The Gulf stream does indeed change utterly in an ice age, flowing directly east at about 40 N. But despite this the ice sheets go much farther south in North America, and glaciation begins there.
>
> Whether this would be enough to bring on a genuine ice age, or
> just a repeat of the Little Ice age,
Or neither.
>I have no idea. Do you?
If anybody tells you exactly what will happen in such a case, they either know a lot more than I do or are lying to you. As I said above, the "little ice age" is not really a weaker version of the actual ice age, it is cooling for very different reasons. But if I could live long enough to collect, I would put a lot of money on weakness in the gulf stream *not* causing a new ice age or a new LIA, particularly when accompanied by GHG induced global warming.
We were all taught as children that "the gulf stream is the reason Europe is not as cold as Labrador". We were all taught wrong.
> > I'd like to comment on one of the quotes given. I was a professor at Dalhousie at the same time as Petr Chylek. He is a superb scientist and a natural skeptic (not just on scientific topics). He is a firm hater of anything smelling remotely of a bandwagon, and has bent over backwards to give a forum to GW skeptics, even organizing two conferences on the subject we are discussing.
> >
> > I have huge respect for him, and I hope that is clear.

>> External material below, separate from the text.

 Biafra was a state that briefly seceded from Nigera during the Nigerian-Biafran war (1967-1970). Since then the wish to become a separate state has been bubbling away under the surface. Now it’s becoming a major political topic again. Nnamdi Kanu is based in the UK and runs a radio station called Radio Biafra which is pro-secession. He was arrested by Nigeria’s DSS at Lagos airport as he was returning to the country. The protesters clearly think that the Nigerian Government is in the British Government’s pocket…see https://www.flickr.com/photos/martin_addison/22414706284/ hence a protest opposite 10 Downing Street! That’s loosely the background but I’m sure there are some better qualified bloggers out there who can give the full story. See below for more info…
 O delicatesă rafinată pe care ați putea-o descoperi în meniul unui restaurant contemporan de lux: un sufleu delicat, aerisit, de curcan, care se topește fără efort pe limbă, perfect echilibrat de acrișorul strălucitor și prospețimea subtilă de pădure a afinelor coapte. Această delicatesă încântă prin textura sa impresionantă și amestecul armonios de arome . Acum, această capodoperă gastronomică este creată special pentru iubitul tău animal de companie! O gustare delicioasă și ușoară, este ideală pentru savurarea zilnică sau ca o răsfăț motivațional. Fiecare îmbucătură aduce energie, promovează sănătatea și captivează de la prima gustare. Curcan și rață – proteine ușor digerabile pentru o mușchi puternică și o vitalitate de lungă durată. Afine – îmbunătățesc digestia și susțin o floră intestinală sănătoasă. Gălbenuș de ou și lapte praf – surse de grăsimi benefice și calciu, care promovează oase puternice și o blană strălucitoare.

> > But in this particular case his comment was at best beside the point. The report of increasing mass loss in Greenland in 2001 was sound. Greenland has continued to melt since 2001, 2002 was a year of record melting, and the melt has both continued and accelerated.
>
> I've seen a report that the snow and ice cover in Greenlad has increased
> this past year, especially in the southeast. Was that "fake news"?
Without looking anything up, I will assume this to be true because it fits a pattern. There is an implicit assumption that things are not getting worse unless every climate variable gets worse year over year. So any reversal is heralded as a sign that there is no problem after all.

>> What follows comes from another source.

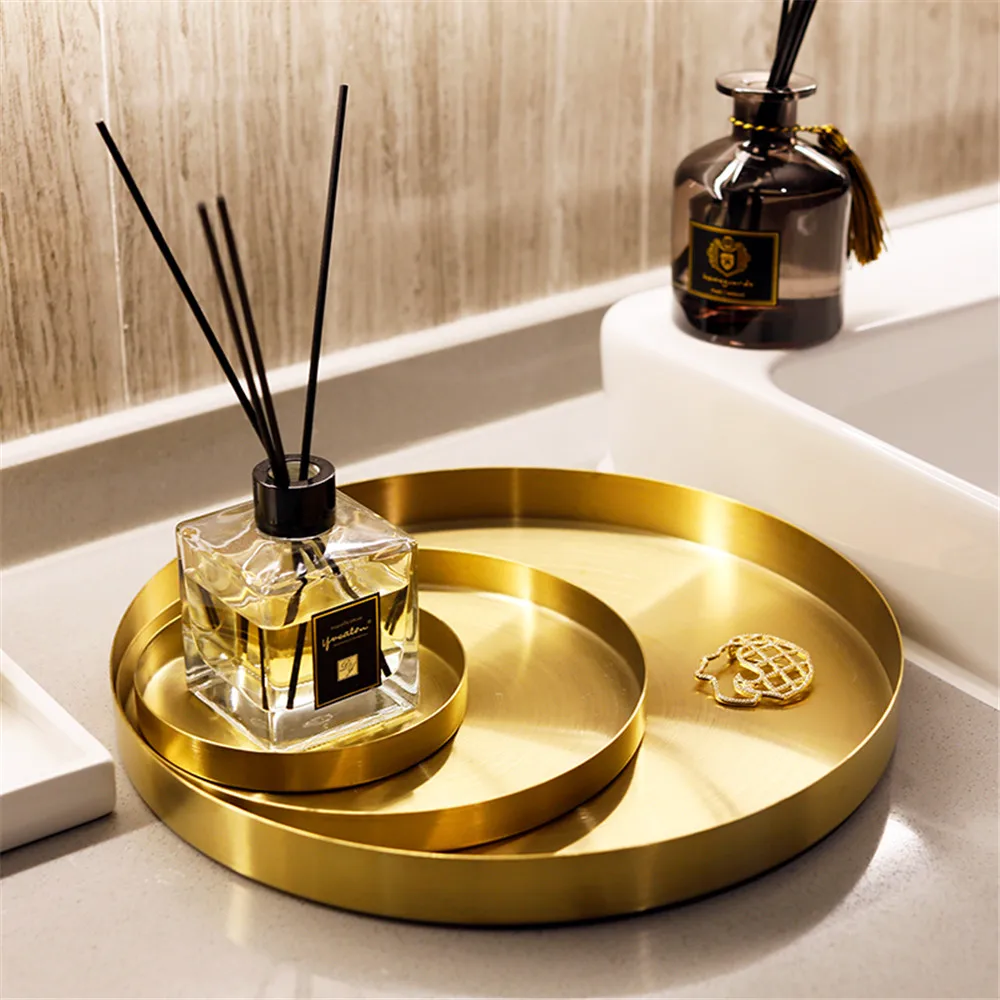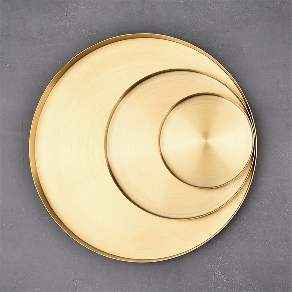 Роскошный поднос для хранения в скандинавском стиле, Круглый Настольный органайзер из нержавеющей стали для ювелирных изделий, подносы для десертов и послеобеденного чая

But that is not the way the world works. There is a lot of "noise" in the system, so after a poor year the next may well be "better", but it does not mean the problem is going away or even getting less severe. It is what is expected - especially after record bad years like 2007 for arctic sea ice. The skeptics made a meal of it when 2008 was not so bad! But, as predicted, arctic sea ice extent has continued to shrink.
Now let me check. Yes, 2016 was a poor year (tenth worst on record), this year is showing less melt than any year since 2009. There's no reason to assume the trend is changing.

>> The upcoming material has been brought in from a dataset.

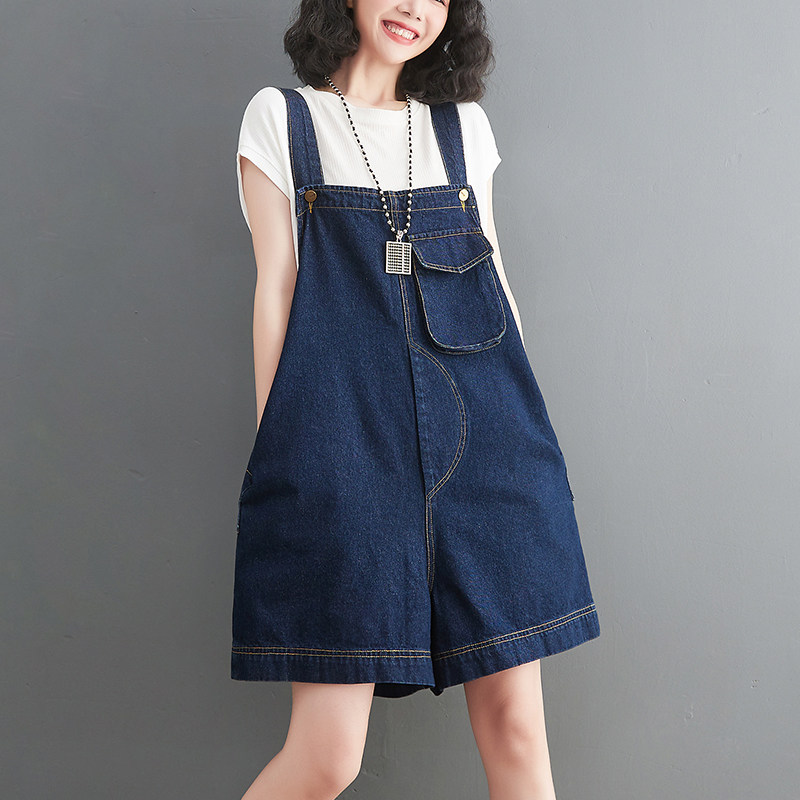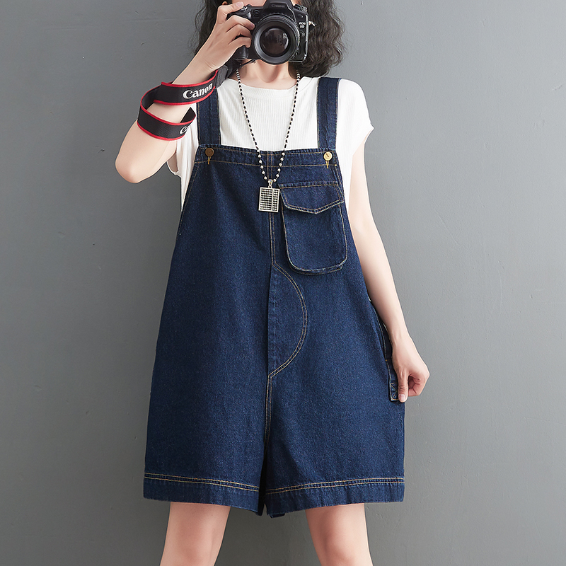 牛仔背带短裤 阔腿裤 女夏2024新款 小个子吊带连体裤 子 宽松韩版 大码

Surface melt does not of itself tell us how much mass the ice sheet is losing. More of it is worse, in general, but where and when the melt happens can be crucial, as some of the melt refreezes before it reaches the sea. And of course, the main mass loss actually occurs where the ice sheet meets the sea.
Total ice mass is measured by the GRACE experiment. Figure 3.4 here:
http://www.arctic.noaa.gov/Report-Card/Report-Card-2016/ArtMID/5022/ArticleID/277/Greenland-Ice-Sheet
shows how it has been changing.
Anthropogenic greenhouse gases are estimated to produce a warming over this century of .02C per year. This is an order of magnitude lower than the changes of shorter acting climate events such as ENSO, tropical vulcanism, and so on. It's not beyond the bounds of possibility that a combination of such events could produce a decade of distinct cooling.
Such a cooling would not be evidence that global warming is not happening (though of course it would be endlessly cited as such). Any more than evidence of a lower bank balance as you send your children to university implies that you've had a pay cut.
> Best wishes for improved health,
Thanks. It's just a persistent bug. I spent the winter disease-free so I must be punished in summer.